Records for this exercise:
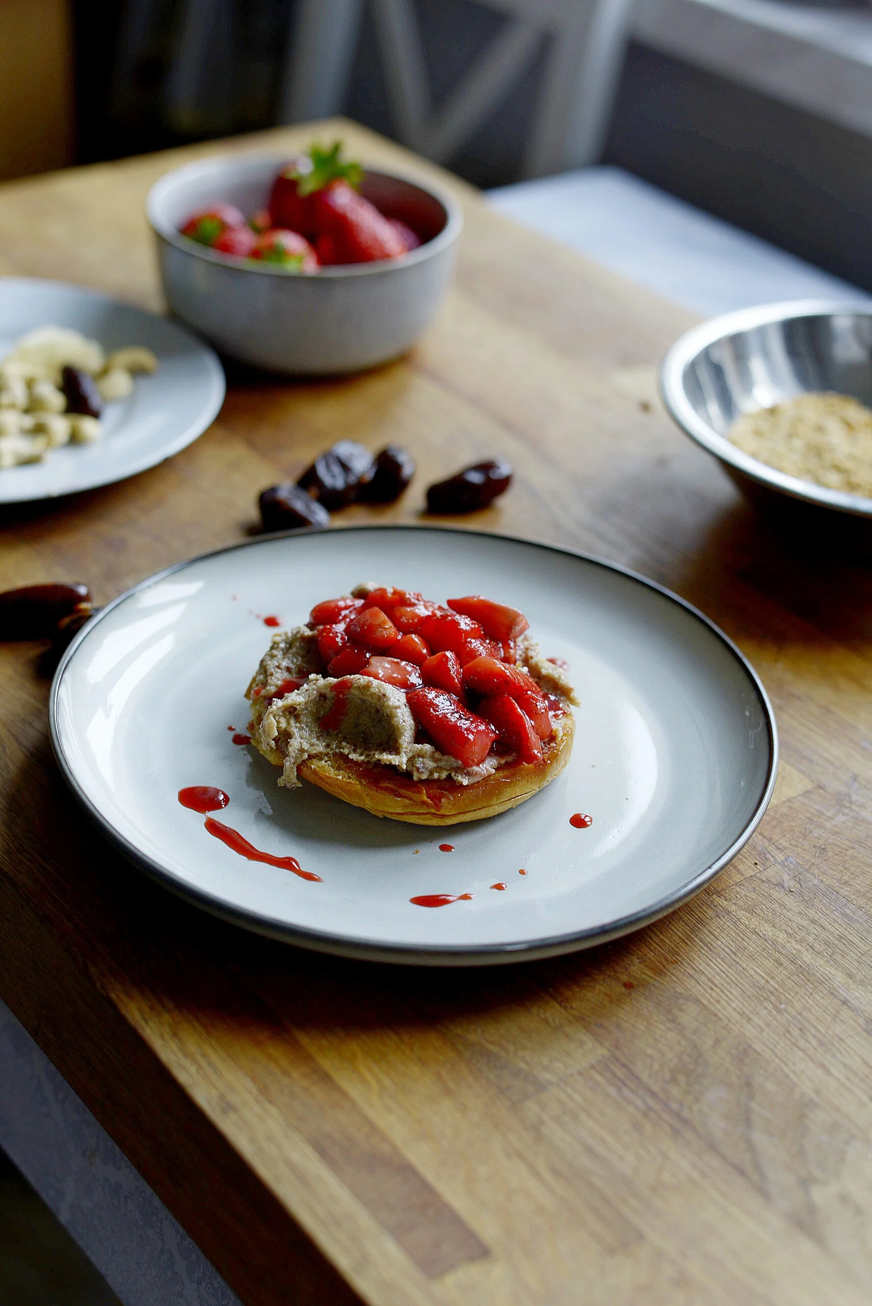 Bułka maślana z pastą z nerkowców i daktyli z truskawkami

* * *

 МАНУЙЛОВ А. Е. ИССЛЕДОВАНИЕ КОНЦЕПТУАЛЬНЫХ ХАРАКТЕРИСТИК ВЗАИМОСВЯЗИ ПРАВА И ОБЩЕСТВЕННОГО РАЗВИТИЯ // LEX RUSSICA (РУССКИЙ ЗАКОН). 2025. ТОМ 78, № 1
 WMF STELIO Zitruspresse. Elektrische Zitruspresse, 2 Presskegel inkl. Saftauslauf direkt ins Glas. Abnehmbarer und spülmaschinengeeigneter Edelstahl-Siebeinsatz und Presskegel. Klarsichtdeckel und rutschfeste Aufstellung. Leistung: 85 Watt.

...

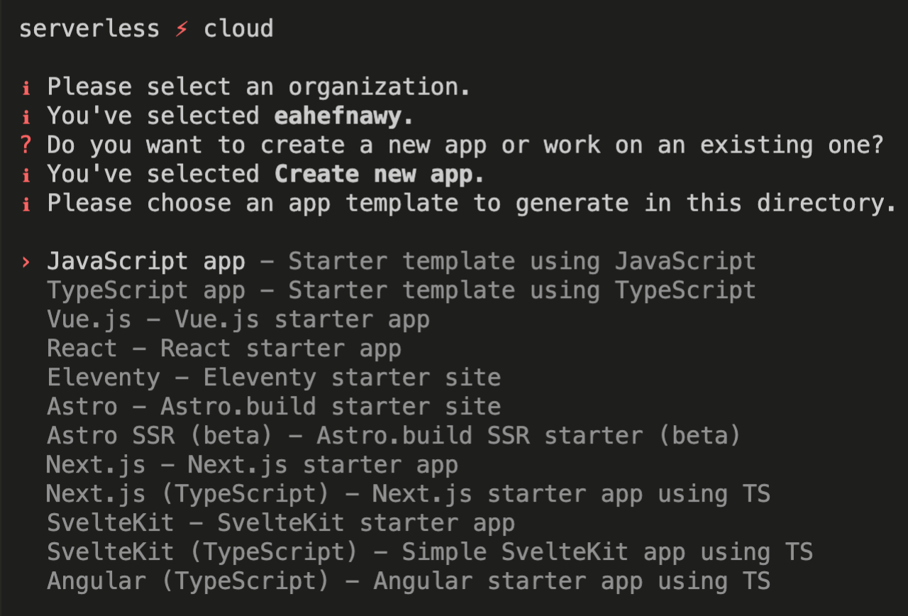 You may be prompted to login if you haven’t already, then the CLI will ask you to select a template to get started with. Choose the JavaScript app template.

Exercise objective: Reproduce exactly the lines of the records above from the one with "МАНУЙЛОВ А. Е." to the one with "WMF STELIO Zitruspresse.", both included, and leave out everything else.

Problem solution:
 МАНУЙЛОВ А. Е. ИССЛЕДОВАНИЕ КОНЦЕПТУАЛЬНЫХ ХАРАКТЕРИСТИК ВЗАИМОСВЯЗИ ПРАВА И ОБЩЕСТВЕННОГО РАЗВИТИЯ // LEX RUSSICA (РУССКИЙ ЗАКОН). 2025. ТОМ 78, № 1
 WMF STELIO Zitruspresse. Elektrische Zitruspresse, 2 Presskegel inkl. Saftauslauf direkt ins Glas. Abnehmbarer und spülmaschinengeeigneter Edelstahl-Siebeinsatz und Presskegel. Klarsichtdeckel und rutschfeste Aufstellung. Leistung: 85 Watt.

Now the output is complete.